George Frederick Maclear (3 February 1833 in Bedford - 19 October 1902 at St Augustine's College, Canterbury) was an English clergyman, theological writer and headmaster at King's College School, London (later Wimbledon). He was the eldest son of the Rev. George Maclear, MA, chaplain of Bedford county prison (1832–69), by his wife Isabella Ingle. Educated at Bedford School, he obtained a scholarship at Trinity College, Cambridge in 1852, receiving a BA degree in 1855, followed by a distinguished academic career. He was the nephew of Thomas Maclear, Her Majesty's Astronomer at Cape Town, and cousin to John Maclear, admiral in the Royal Navy, and Basil Maclear.

==Career==
Maclear won the Carus Greek Testament prize in 1854 and 1855, and after graduating BA with a second class in the classical tripos of 1855, he was placed in the first class in the theological tripos of 1856 (its first year). He gained the Burney prize in 1856, the Hulsean in 1857, the Maitland in 1858 and 1861, and the Norrisian in 1863. All five prize essays were published. His Maitland essay of 1858, The Christian Statesman and our Indian Empire; or the legitimate sphere of government countenance and aid in promoting Christianity in India, reached a second edition. The Maitland essay of 1861, on Christian Missions during the Middle Ages, was recast as Apostles of Medieval Europe (1869), and was the first of a series of volumes on missionary history. Maclear proceeded MA in 1860, BD in 1867, and DD in 1872. Ordained deacon in 1856 and priest in 1857, he held curacies at Clopton, Bedfordshire (1856-8), and St. Barnabas, Kennington (1858–60); was assistant-preacher at Curzon Chapel, Mayfair (1860-5); and reader at the Temple (1865–70); select preacher at Cambridge in 1868, 1880, and 1886, and at Oxford in 1881-2; and Ramsden preacher at Cambridge in 1890. He delivered the Boyle lectures at Whitehall in 1879-80, The Evidential Value of the Holy Eucharist (1883; 4th edit. 1898).

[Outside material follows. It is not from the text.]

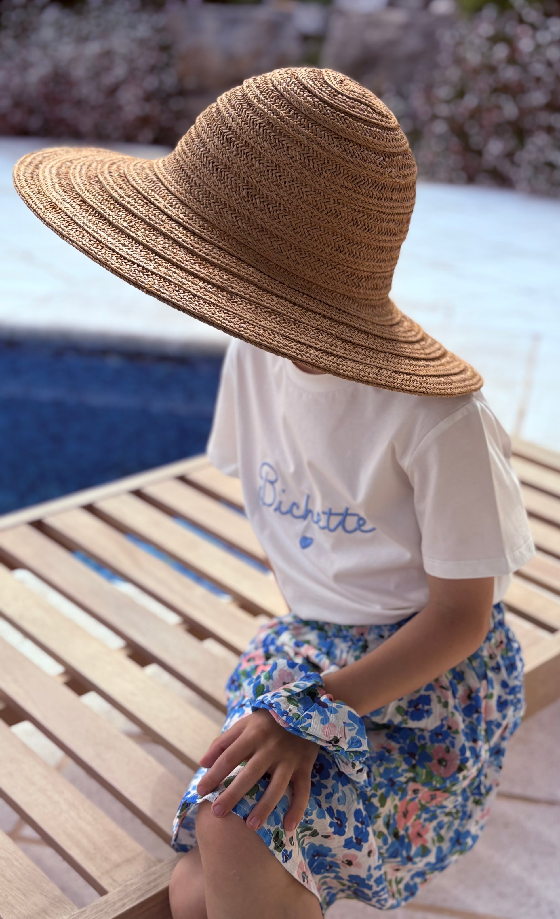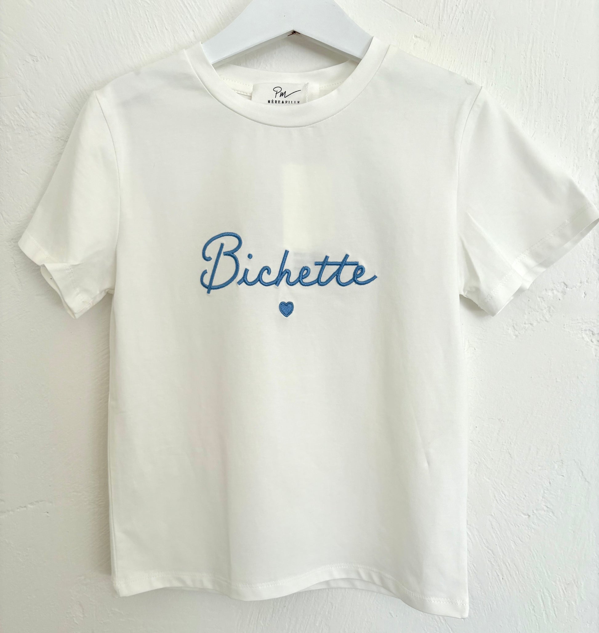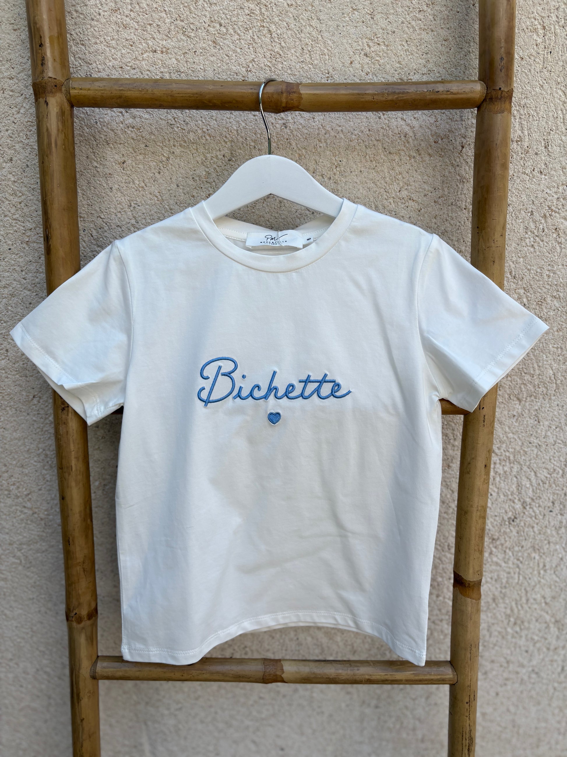 Tee Shirt Fille à col rond, blanc avec broderie bleue ciel "Bichette"

Meanwhile, Maclear was an assistant master at King's College School, London (1860–1866), and headmaster (1867–1880). He doubled the numbers and greatly raised the standing of the school. While headmaster he declined an offer of the see of Colombo in 1875. Eventually he accepted the post of warden of St. Augustine's Missionary College, Canterbury, in 1880, and held it til his death. In this capacity he worked as preacher, lecturer, and adviser on foreign mission work. In 1885 he was made an honorary Canon of Canterbury Cathedral. He died at St. Augustine's College, after a long illness, on 19 October 1902, and was buried in St Martin's churchyard, Canterbury.

==Family==
Maclear was married twice: (1) on 10 June 1857 to Christiana Susan, daughter of J. Campbell, rector of Eye, Suffolk (she died on 31 May 1874, being predeceased by an only daughter); and (2) on 27 December 1878 to Eva, eldest daughter of William Henry D'Olier Purcell, vicar of Exmouth; she died on 1 March 1890, leaving three sons and a daughter.

==Legacy==
Maclear enjoyed a wide reputation as a theological writer. His text-books, which were long in general use, include the Class Books of Old and New Testament History (1862), the Class Book of the Catechism (1868), An Introduction to the Articles (written with the Rev. Watkin Wynn Williams) (1895; new ed. 1909). To missionary history he contributed The Conversion of the West (4 vols 1878) and St Augustine's, Canterbury: its Rise, Ruin and Restoration (1888); and he wrote on missions in the Encyclopædia Britannica (9th ed). Maclear also published, with several devotional books, An Elementary Introduction to the Book of Common Prayer (1868) and The Baptismal Office and the Order of Confirmation (1902), in both of which he collaborated with Francis Procter; he edited portions of the Cambridge Bible for Schools; and contributed to Smith's Dictionaries of Christian Antiquities and Christian Biography, and to Cassell's Bible Educator. Lectures on Pastoral Theology, a selection from his unpublished manuscripts, was edited by the Rev. R.J.E. Boggis, DD, in 1904.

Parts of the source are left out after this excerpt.